- [PROBLEM STATEMENT]
Output each line exactly as written, from the first line of the records to the line bearing "The image depicts", inclusive, while leaving every picture out.

Extracted records:
○ ○ ○ ○ ○

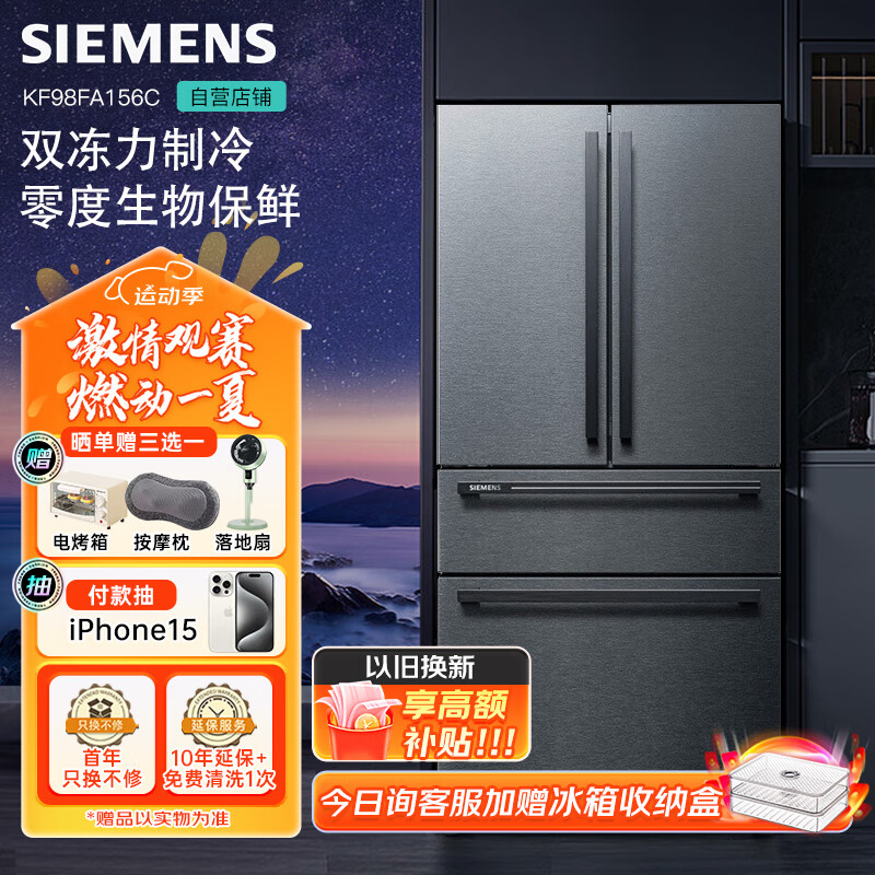 西门子冰箱法式四开门602升家用一级能效变频双冻力制冷零度生物保鲜双擎制冷智能电冰箱KF98FA156C价格:13189.00元!
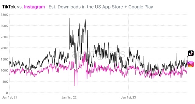 다른 회사인 AppFigures의 데이터도 이러한 결론을 뒷받침하지만 TikTok의 수익은 증가하고 있지만 다운로드는 정체되거나 성장보다 더 많이 감소하고 있다고 덧붙였습니다. 이러한 추세는 전 세계적으로나 세계적으로나 1년 넘게 계속되고 있습니다. 미국.
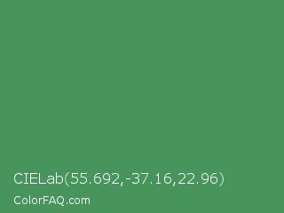 CIELab 55.692,-37.16,22.96 Color is a normal green color and the nearest color is Fruit Salad #4f9d5d. Hex code #47955c and RGB value is rgb(71,149,92). In RGB color space, this color is composed of 28% red, 58% green, 36% blue, In CMYK color space, this color is composed of 52% cyan, 0% magenta, 38% yellow , 42% black , In HSL color space, this color has a hue angle of 136° , 35% saturation and 43% lightness.
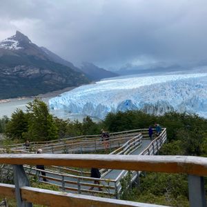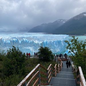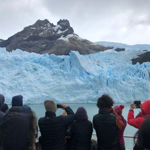 予定時間より15〜20程遅れてきた迎えのバスに乗り、まずは国立公園入口で入場料(45000アルゼンチンペソ)を別途支払い。展望の良い場所で一時下車して暫し撮影タイム。その後、ボートに乗船して氷河を見学。カメラや動画に収めるのは難しいので、ひたすら氷河をキョロキョロすると必ず崩落見れます。小さな崩落もチラホラ。崩落大2回、小5回程見れました。英語もスペイン語も分からないけれど、ガイドの女性は終始元気一杯で笑顔の素敵な方でした。2時間程与えられる自由時間では遊歩道のイエローラインからブルーラインへ。ブルーラインは船から見た方向と同じでした。レッドラインは船とは逆の向きなので、どちらを選ぶかはご自身で。1時間程で天気が急変して雨が降って来たので急いで集合場所に戻りましたが、その後また陽の差す空が戻って来ました。天候変わりやすく、風が吹くとかなり寒いです。手袋とマフラー必須です。ランチは散策中にベンチで取りました。バス下車&集合場所(クラブハウス的な所)でも食事出来ます。帰りは希望すればメインストリートで降ろしてもらえます。
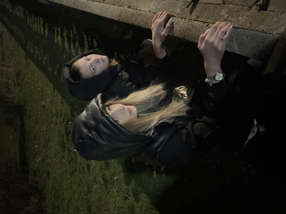 The image depicts an outdoor night scene in Cherven Bryag, Bulgaria. Two young adult females are present. The female positioned in the foreground on the left has long blonde hair visible beneath a black hooded puffer jacket and is oriented facing right. Her right hand, adorned with a silver-toned watch and a ring on the ring finger, rests on a low, weathered concrete barrier. The second female, positioned behind and to the right of the first, wears a dark hooded garment with dark hair and is facing the camera directly. Both subjects are illuminated by an artificial light source originating from the left, which casts long, distinct shadows across the green grass in the midground. Indistinct dark vegetation is visible in the distant background.
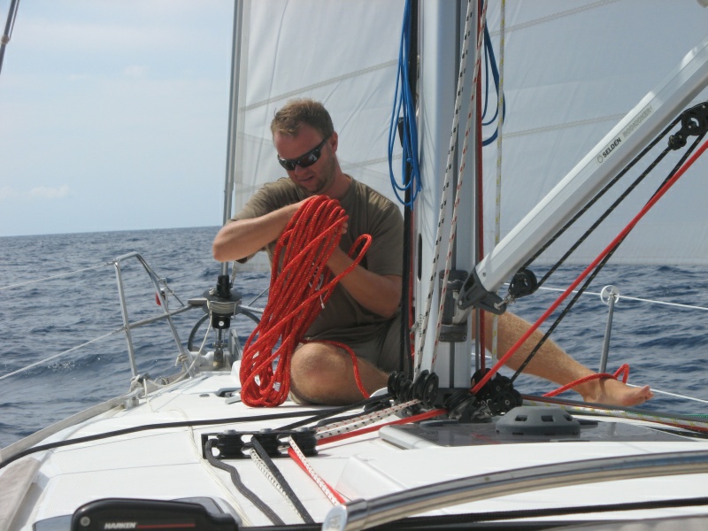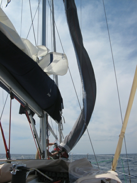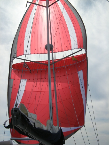 Die Weiterfahrt in die Bucht von Almeria verläuft gemütlich. Wir versuchen zum ersten mal unseren Parasail zu setzen. Doch der Wind ist dafür zu stark und wir haben große Mühe, das riesige Segel wieder einzuholen. Ich laufe hinten zwischen den Winschen hin- und her, während Eric die letzten Quadratmeter in den Bergeschlauch stecken möchte, doch die Wellen schaukeln das Boot so stark von einer Seite auf die andere, dass er nur eine Hand frei hat, weil er die zweite zum Festhalten benötigt. Ich muss also auch nach vorne und gemeinsam gelingt es uns, das widerstrebende Tuch wegzuräumen. Nachdem der Wind jedoch nachlässt, probieren wir es nochmals und diesmal gelingt es uns auch, wie es die Fotos beweisen.
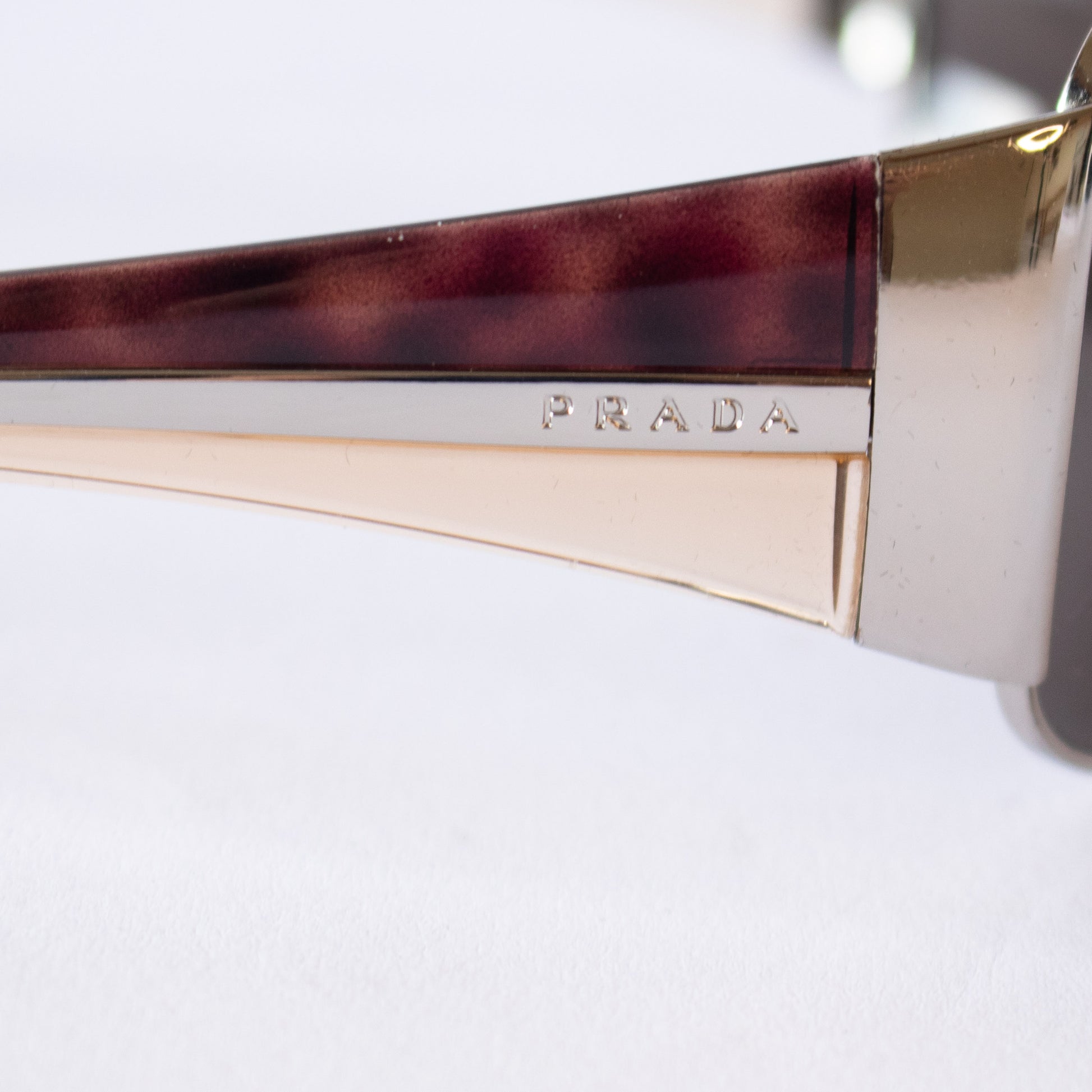 Óculos de sol com armação com padrão e encaixes metalizados. Lentes polarizadas com protecção UV. Marca pequena na lente, indicado na última fotografia.
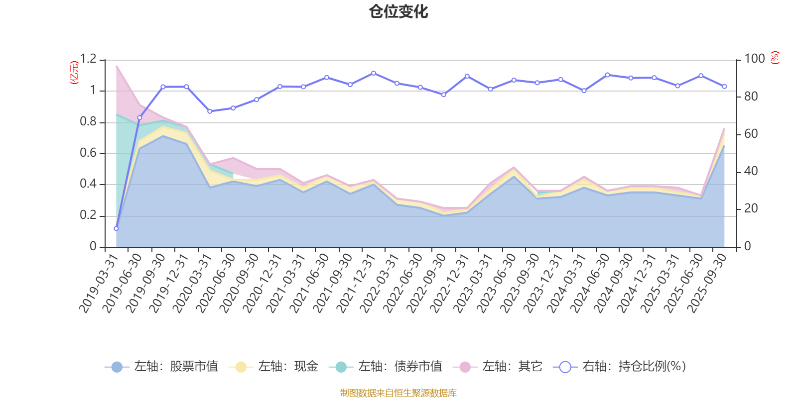 据定期报告数据统计,近三年平均股票仓位为88.42%,同类平均为72.12%。2021年末基金达到92.82%的最高仓位,2019年一季度末最低,为9.84%。
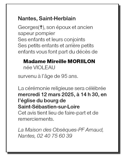 de Madame Mireille MORILLON née VIOLEAU
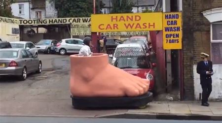 في مشهد طريف ومبتكر، أظهر تسجيل مصور قصير نشر على مواقع التواصل الاجتماعي، رجلاً يرتدي زياً خاصاً وهو يقود سيارة على شكل قدم ضخمة في أحد شوارع العاصمة البريطانية لندن.
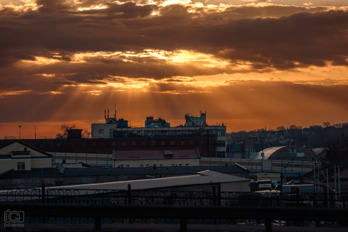 Я фотограф, и когда позволяет время, на съемки и с них домой иду пешком, ведь никогда не знаешь, какое внезапное шоу устроит тебе природа или город. Вот, как здесь, непримечательное серое утро буквально на несколько минут раскрасило небо такими потрясающими лучами, что чуть не опоздал на работу, пока ловил их!
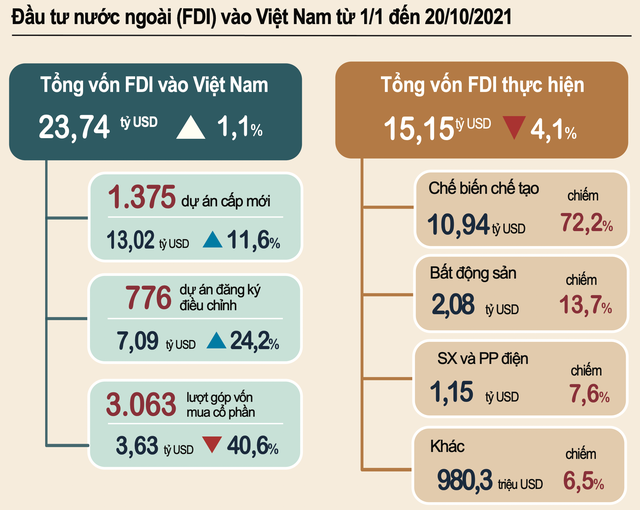 Tổng vốn đầu tư nước ngoài đăng ký vào Việt Nam (FDI) tính đến ngày 20/10/2021 bao gồm vốn đăng ký cấp mới, vốn đăng ký điều chỉnh và giá trị góp vốn, mua cổ phần của nhà đầu tư nước ngoài đạt 23,74 tỷ USD, tăng 1,1% so với cùng kỳ năm trước.
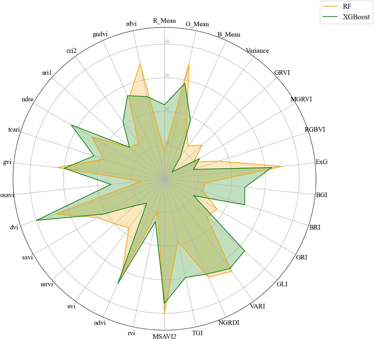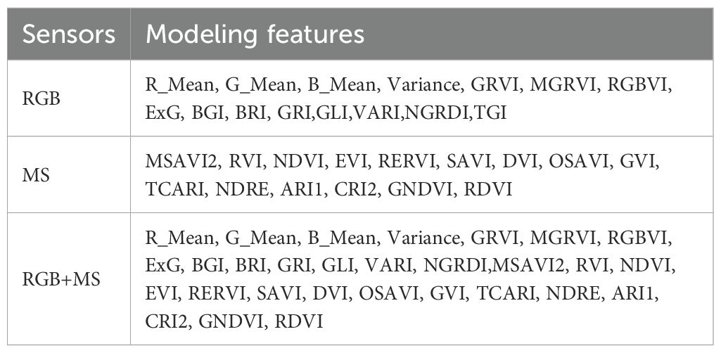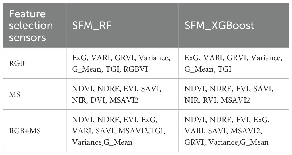 A feature dataset comprising all input features was constructed based on each cropped plot image. To mitigate the impact of inter-feature correlation, feature selection was performed using the SelectFromModel (SFM) method described in Section 2.8.In this study, two machine learning methods were utilized; therefore, RF and XGBoost models were employed for feature selection. Table displays the subsets of features selected by the SFM method from three types of input datasets, all chosen from images at a 15-meter altitude without SR.

○ ○ ○ ○ ○

- [RESULT]
 西门子冰箱法式四开门602升家用一级能效变频双冻力制冷零度生物保鲜双擎制冷智能电冰箱KF98FA156C价格:13189.00元!
 다른 회사인 AppFigures의 데이터도 이러한 결론을 뒷받침하지만 TikTok의 수익은 증가하고 있지만 다운로드는 정체되거나 성장보다 더 많이 감소하고 있다고 덧붙였습니다. 이러한 추세는 전 세계적으로나 세계적으로나 1년 넘게 계속되고 있습니다. 미국.
 CIELab 55.692,-37.16,22.96 Color is a normal green color and the nearest color is Fruit Salad #4f9d5d. Hex code #47955c and RGB value is rgb(71,149,92). In RGB color space, this color is composed of 28% red, 58% green, 36% blue, In CMYK color space, this color is composed of 52% cyan, 0% magenta, 38% yellow , 42% black , In HSL color space, this color has a hue angle of 136° , 35% saturation and 43% lightness.
 予定時間より15〜20程遅れてきた迎えのバスに乗り、まずは国立公園入口で入場料(45000アルゼンチンペソ)を別途支払い。展望の良い場所で一時下車して暫し撮影タイム。その後、ボートに乗船して氷河を見学。カメラや動画に収めるのは難しいので、ひたすら氷河をキョロキョロすると必ず崩落見れます。小さな崩落もチラホラ。崩落大2回、小5回程見れました。英語もスペイン語も分からないけれど、ガイドの女性は終始元気一杯で笑顔の素敵な方でした。2時間程与えられる自由時間では遊歩道のイエローラインからブルーラインへ。ブルーラインは船から見た方向と同じでした。レッドラインは船とは逆の向きなので、どちらを選ぶかはご自身で。1時間程で天気が急変して雨が降って来たので急いで集合場所に戻りましたが、その後また陽の差す空が戻って来ました。天候変わりやすく、風が吹くとかなり寒いです。手袋とマフラー必須です。ランチは散策中にベンチで取りました。バス下車&集合場所(クラブハウス的な所)でも食事出来ます。帰りは希望すればメインストリートで降ろしてもらえます。
 The image depicts an outdoor night scene in Cherven Bryag, Bulgaria. Two young adult females are present. The female positioned in the foreground on the left has long blonde hair visible beneath a black hooded puffer jacket and is oriented facing right. Her right hand, adorned with a silver-toned watch and a ring on the ring finger, rests on a low, weathered concrete barrier. The second female, positioned behind and to the right of the first, wears a dark hooded garment with dark hair and is facing the camera directly. Both subjects are illuminated by an artificial light source originating from the left, which casts long, distinct shadows across the green grass in the midground. Indistinct dark vegetation is visible in the distant background.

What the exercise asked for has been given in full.